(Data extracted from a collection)

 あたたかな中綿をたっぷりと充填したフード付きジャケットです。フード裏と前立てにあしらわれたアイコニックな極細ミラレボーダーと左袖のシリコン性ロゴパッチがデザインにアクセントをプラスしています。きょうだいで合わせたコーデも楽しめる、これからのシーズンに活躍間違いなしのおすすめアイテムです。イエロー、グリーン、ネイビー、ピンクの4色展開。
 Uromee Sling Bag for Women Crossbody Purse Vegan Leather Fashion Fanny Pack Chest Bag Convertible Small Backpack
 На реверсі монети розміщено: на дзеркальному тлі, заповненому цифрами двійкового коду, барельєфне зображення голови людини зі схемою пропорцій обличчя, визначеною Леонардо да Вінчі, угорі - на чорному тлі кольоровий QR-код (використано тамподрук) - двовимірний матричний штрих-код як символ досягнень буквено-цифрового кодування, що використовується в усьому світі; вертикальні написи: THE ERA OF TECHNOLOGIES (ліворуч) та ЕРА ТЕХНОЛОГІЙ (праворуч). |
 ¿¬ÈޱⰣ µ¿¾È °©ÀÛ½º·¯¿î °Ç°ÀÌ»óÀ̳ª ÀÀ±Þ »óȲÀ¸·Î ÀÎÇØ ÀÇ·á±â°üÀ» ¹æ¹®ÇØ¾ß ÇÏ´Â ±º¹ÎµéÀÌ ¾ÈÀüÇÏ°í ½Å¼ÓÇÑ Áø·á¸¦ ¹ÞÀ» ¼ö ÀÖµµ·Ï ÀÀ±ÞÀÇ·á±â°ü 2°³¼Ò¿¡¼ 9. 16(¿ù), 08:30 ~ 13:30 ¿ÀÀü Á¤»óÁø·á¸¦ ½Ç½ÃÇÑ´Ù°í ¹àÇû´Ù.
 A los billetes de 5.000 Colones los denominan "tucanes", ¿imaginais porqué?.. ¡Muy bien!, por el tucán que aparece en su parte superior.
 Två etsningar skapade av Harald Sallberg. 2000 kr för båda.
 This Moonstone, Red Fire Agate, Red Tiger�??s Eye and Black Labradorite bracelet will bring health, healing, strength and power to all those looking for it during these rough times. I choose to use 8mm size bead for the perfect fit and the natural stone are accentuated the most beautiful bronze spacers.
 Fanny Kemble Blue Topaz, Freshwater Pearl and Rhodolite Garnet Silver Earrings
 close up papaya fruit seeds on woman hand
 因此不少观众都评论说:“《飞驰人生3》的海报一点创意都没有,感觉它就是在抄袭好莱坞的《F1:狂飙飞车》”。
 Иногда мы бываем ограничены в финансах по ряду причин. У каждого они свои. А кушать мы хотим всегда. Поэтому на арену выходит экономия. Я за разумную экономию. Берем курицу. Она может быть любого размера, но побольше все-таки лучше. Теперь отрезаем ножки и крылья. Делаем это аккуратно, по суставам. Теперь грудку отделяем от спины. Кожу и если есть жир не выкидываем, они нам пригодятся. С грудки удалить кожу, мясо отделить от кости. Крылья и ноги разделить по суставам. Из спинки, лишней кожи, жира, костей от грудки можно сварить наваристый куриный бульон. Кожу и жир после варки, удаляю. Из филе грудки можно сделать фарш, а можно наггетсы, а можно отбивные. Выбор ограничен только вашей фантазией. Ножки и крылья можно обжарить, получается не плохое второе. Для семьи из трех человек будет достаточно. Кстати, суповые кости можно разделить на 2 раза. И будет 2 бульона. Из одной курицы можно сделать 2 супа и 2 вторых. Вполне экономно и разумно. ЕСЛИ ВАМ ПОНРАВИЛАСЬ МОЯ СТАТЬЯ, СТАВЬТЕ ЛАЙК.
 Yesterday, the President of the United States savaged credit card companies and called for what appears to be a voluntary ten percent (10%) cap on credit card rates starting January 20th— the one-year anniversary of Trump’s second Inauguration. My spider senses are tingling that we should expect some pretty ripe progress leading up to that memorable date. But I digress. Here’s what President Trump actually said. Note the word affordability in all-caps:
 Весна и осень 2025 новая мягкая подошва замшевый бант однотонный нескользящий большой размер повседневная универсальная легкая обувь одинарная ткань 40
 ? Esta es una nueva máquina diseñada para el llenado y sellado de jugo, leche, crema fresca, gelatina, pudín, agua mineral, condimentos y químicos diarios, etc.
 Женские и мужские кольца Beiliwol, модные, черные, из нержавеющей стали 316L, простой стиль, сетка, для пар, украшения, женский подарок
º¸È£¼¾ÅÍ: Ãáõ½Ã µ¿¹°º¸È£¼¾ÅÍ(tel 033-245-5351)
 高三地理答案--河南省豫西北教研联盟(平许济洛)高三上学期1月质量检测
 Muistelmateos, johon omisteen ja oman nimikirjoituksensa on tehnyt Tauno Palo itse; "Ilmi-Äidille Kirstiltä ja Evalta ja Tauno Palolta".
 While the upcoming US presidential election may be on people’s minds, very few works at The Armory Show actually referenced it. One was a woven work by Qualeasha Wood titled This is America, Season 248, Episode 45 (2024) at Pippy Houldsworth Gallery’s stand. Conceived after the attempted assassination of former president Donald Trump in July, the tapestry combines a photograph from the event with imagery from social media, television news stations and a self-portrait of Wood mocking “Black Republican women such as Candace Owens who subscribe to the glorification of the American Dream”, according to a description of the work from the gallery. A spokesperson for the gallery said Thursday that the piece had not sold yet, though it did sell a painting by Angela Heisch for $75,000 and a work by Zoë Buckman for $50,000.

#### [Activity]
Your task is to retype the entries verbatim, starting with the line that holds "Женские и мужские" and stopping after the line that holds "Muistelmateos, johon omisteen".

#### [The completed task]
 Женские и мужские кольца Beiliwol, модные, черные, из нержавеющей стали 316L, простой стиль, сетка, для пар, украшения, женский подарок
º¸È£¼¾ÅÍ: Ãáõ½Ã µ¿¹°º¸È£¼¾ÅÍ(tel 033-245-5351)
 高三地理答案--河南省豫西北教研联盟(平许济洛)高三上学期1月质量检测
 Muistelmateos, johon omisteen ja oman nimikirjoituksensa on tehnyt Tauno Palo itse; "Ilmi-Äidille Kirstiltä ja Evalta ja Tauno Palolta".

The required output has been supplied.